Plaintiffs’ assertions to the contrary are unpersuasive. Plaintiffs implicitly concede
that the disclosure, taken as a whole, addresses “issues of public interest”: The emails
discuss “public figures” (such as Secretary Clinton and Senator Sanders), in addition
to numerous issues of “economic” and “community” well-being. D.C. Code § 16-5501(3).
Plaintiffs can claim only that snippets of information in particular emails “about individuals’ sexuality, health, personal information, and social security numbers” do not
fit the Act’s definition of “public interest.” (Opp. 8.) In other words, Plaintiffs want
courts to sift through defendants’ speech line by line, sorting each statement in each
email into buckets for “public interest” (Act applies) and “private interest” (Act does
not apply). That is simply wrong; as we showed in our opening brief, the Anti-SLAPP
Act requires the court to assess the speech in the aggregate. (Mem. 14.)

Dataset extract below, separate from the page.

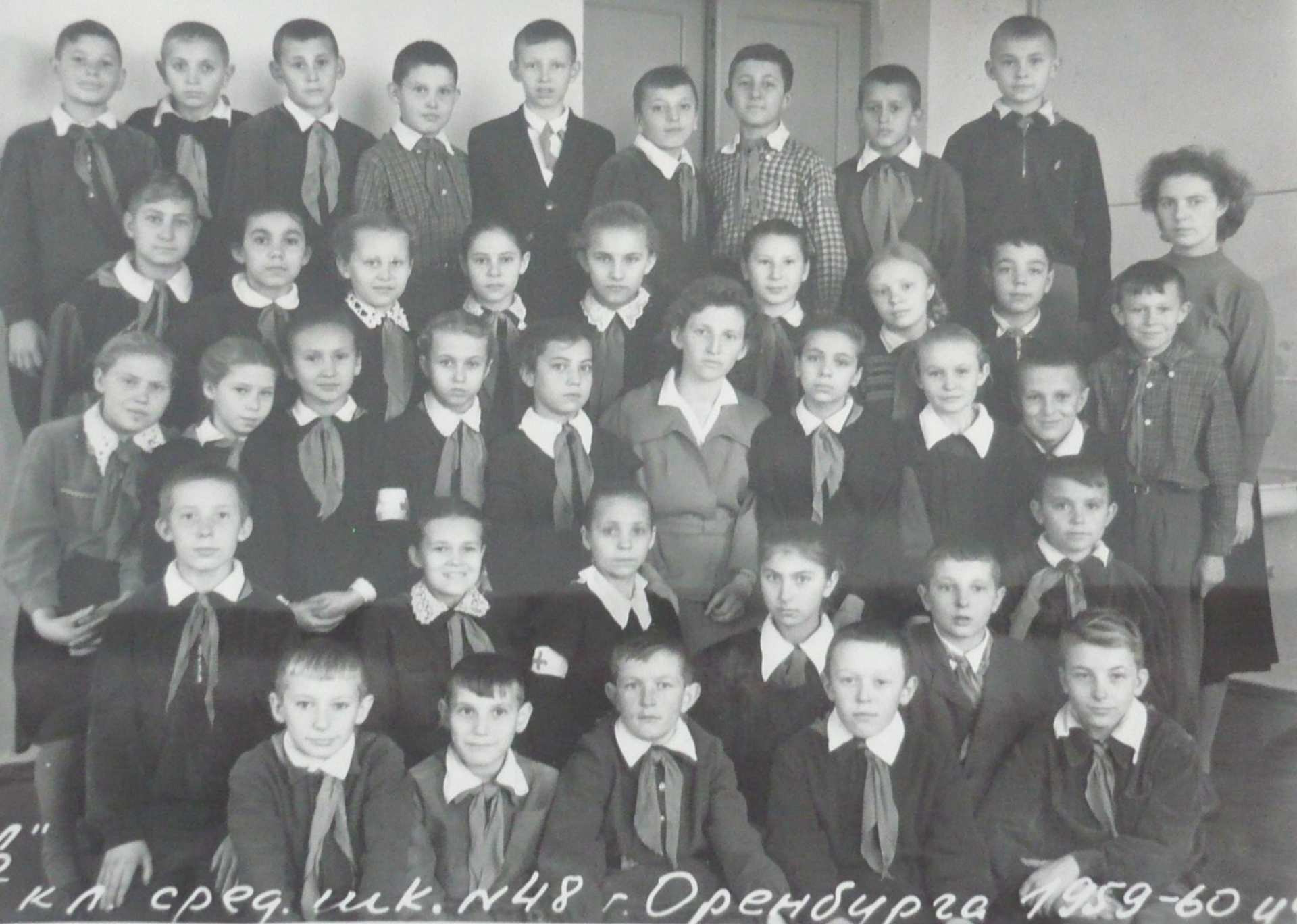
к л. сред. шк. №48 г. Оренбурга 1959-60 уч

For example, the statute applies if the defendant’s “act” furthers the right of advocacy on public issues. § 16-5502(b). Accordingly, the court must evaluate the entire
“act” of publication, rather than separately parsing each line that the defendant has
published. Similarly, the statute directs courts to consider whether the defendant’s
“statements” are “directed primarily” toward public rather than private issues. D.C.
2
Code § 16-5501(3). That, again, shows that the court should concentrate on the primary purpose of the defendant’s “statements” taken as a whole. (And Plaintiffs do not
deny that the WikiLeaks disclosure, taken as a whole, is “directed primarily” toward
public rather than private affairs.) Plaintiffs never engage with these arguments and
do not explain why they believe the statute calls for line-by-line review rather than
holistic analysis.
Plaintiffs next argue that “no case from a D.C. Court” has ever applied the AntiSLAPP Act to a case like this one. (Opp. 7.) Even if that were true, that would be no
reason not to apply the statute here. At best, Plaintiffs’ argument establishes only
that the issues presented here have not come up in the D.C. courts since the District
enacted its Anti-SLAPP Act just seven years ago. But the fact that the issue has not
come up in that short time in no way suggests that Plaintiffs’ view is right.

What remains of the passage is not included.